I am trying to aggregate data in Elasticsearch using Kafka messages (as a Flink 1.10 API StreamSource). Data is receiving in JSON format which is dynamic and sample is given below.I want to combine multiple records in single document by unique ID. Data is coming in sequence wise and it's time series data.
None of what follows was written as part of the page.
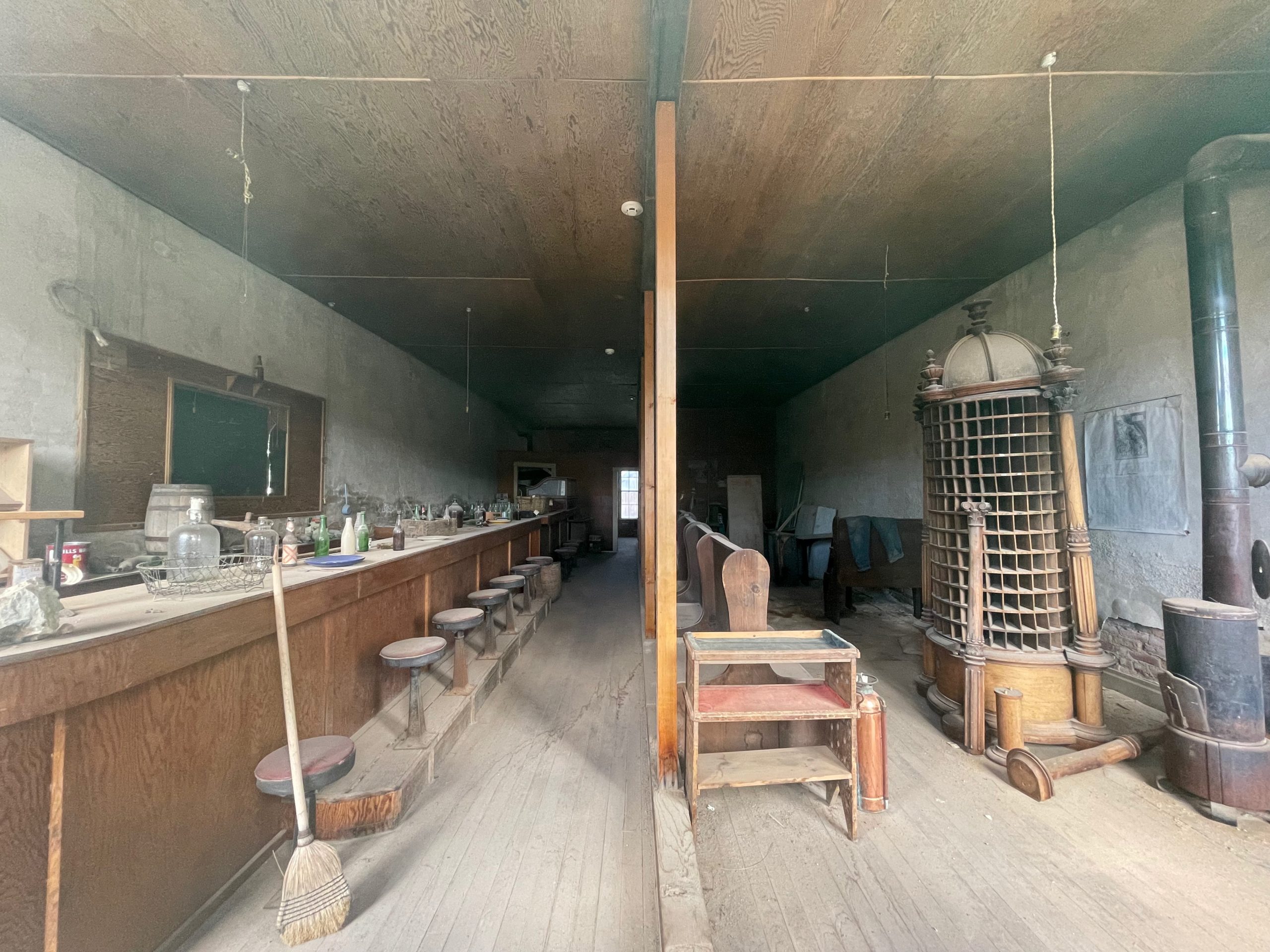 Anteriormente, um restaurante funcionava neste local e pertencia à família Hise. Em 1937, um bar foi aberto pelo chinês Sam Leon, após ele perder o U.S. Hotel em um incêndio em 1932. Leon também tinha Cafés e pensões em Bodie. A barbearia adjacente pertencia a Joe Hahner e foi o último barbeiro a trabalhar em Bodie.

source sink kafka and destination sink elasticseach 7.6.1 6

I am not found any good example which can be utilize in below problem statement.

Record : 1
{
"ID" : "1",
"timestamp" : "2020-05-07 14:34:51.325",
"Data" : 
{
 "Field1" : "ABC",
 "Field2" : "DEF"
}
}

Record : 2
{
"ID" : "1",
"timestamp" : "2020-05-07 14:34:51.725",
"Data" : 
{
 "Field3" : "GHY"
}
}

Result :

{
"ID" : "1",
"Start_timestamp" : "2020-05-07 14:34:51.325",
"End_timestamp" : "2020-05-07 14:34:51.725",
"Data" :
{
 "Field1" : "ABC",
 "Field2" : "DEF",
 "Field3" : "GHY"
}
}

Below is version details:

  1. Flink 1.10
  2. Flink-kafka-connector 2.11
  3. Flink-Elasticsearch-connector 7.x
  4. Kafka 2.11
  5. JDK 1.8
1

1 Answers

0
votes

What you're asking for could be described as some sort of join, and there are many ways you might accomplish this with Flink. There's an example of stateful enrichment in the Apache Flink Training that shows how to implement a similar join using a RichFlatMapFunction that should help you get started. You'll want to read through the relevant training materials first -- at least the section on Data Pipelines & ETL.
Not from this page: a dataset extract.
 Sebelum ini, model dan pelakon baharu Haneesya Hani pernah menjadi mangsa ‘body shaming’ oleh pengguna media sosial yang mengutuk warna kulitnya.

What you'll end up doing with this approach is to partition the stream by ID (via keyBy), and then use key-partitioned state (probably MapState in this case, assuming you have several attribute/value pairs to store for each ID) to store information from records like record 1 until you're ready to emit a result.

BTW, if the set of keys is unbounded, you'll need to take care that you don't keep this state forever. Either clear the state when it's no longer needed (as this example does), or use State TTL to arrange for its eventual deletion.

For more information on other kinds of joins in Flink, see the links in this answer.